Sunday, January 15, 2012

Not As Free As We Need to Be

The Heritage Foundation and Wall Street Journal released their Index of Economic Freedom on Friday and the news is (shocker!) not good. The United States is now listed as only the 10th freest country, having fallen several places in just the last few years.

Our rating on the index's Freedom from Corruption scale has dropped as well as government has expanded. But we're not the only one regressing. Many of the freer countries in Asia and Europe have fallen as well.
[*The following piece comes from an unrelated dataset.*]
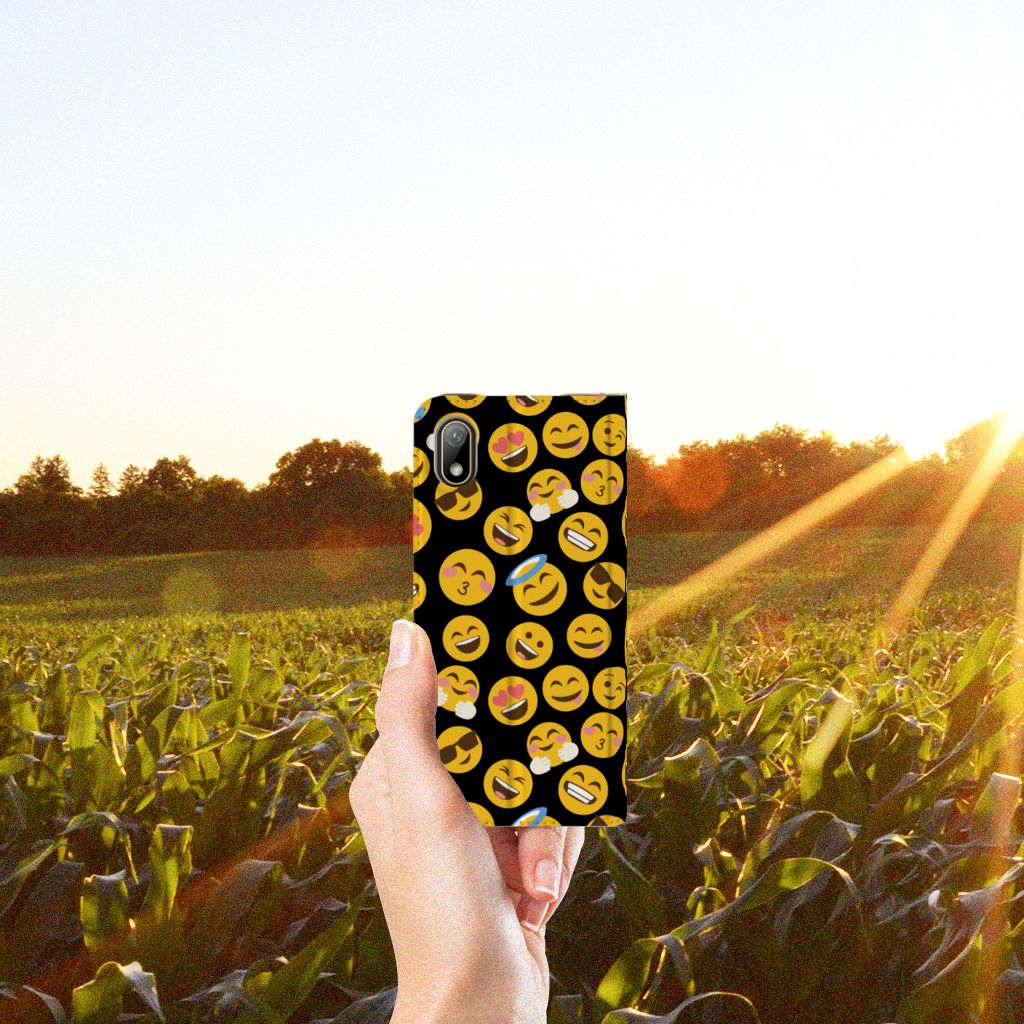 Je gebruikt ze waarschijnlijk dagelijks: emoji’s. Daarom hebben we besloten ze op een design hoesje te zetten. De kleurrijke, vaak gele emoticons maken chatberichten net wat spontaner. Dat hebben we allemaal te danken aan Japan, waar de emoji’s die we zo goed kennen vandaan komen. Ondertussen zijn er meer dan 1800! Deze passen natuurlijk niet allemaal op een Huawei Y5 (2019) Hoesje met Magneet, maar we hebben de meeste gebruikte exemplaren erop gezet. Deze stand case is voorzien van een houder voor een pasje. Super handig. De telefoon zelf zit in een houder van TPU, dat zeer flexibel is. We gebruiken emoji’s vaak om complete woorden te vervangen. Dit smartphone hoesje zegt dan ook meer dan duizend woorden kunnen. De stand case heeft een magnetische sluiting aan de binnenzijde en wordt aan alle kanten bedrukt met emoji’s. Tevens is er een standaard.

The importance of economic freedom cannot be overstated. As Heritage's Edwin Feulner explains,
Positive measures of human development in areas such as health and education are highly correlated with high levels of economic freedom, and economically free countries do a much better job of protecting the environment than their more regulated competitors. When you actually look at the performance data, it turns out that the "progressive" outcomes so highly touted by those favoring big government programs to address every societal ill are actually achieved more efficiently and dependably by the marketplace and the invisible hand of free economies.
Increased prosperity allows a society to have the resources, including wealth and time, to address non-economic issues. A society that struggles to provide food for all its people will not have the resources to worry about protecting the environment, for instance. If it's a choice between eating and saving a tree, the survival instinct takes over.

Increasing economic freedom increases prosperity, which allows us the luxury to concern ourselves with other issues. But increasing prosperity is not a given. We can restrain ourselves to our detriment, where we become less prosperous over time, rather than more. Unfortunately, we have been moving in the wrong direction, as this study shows.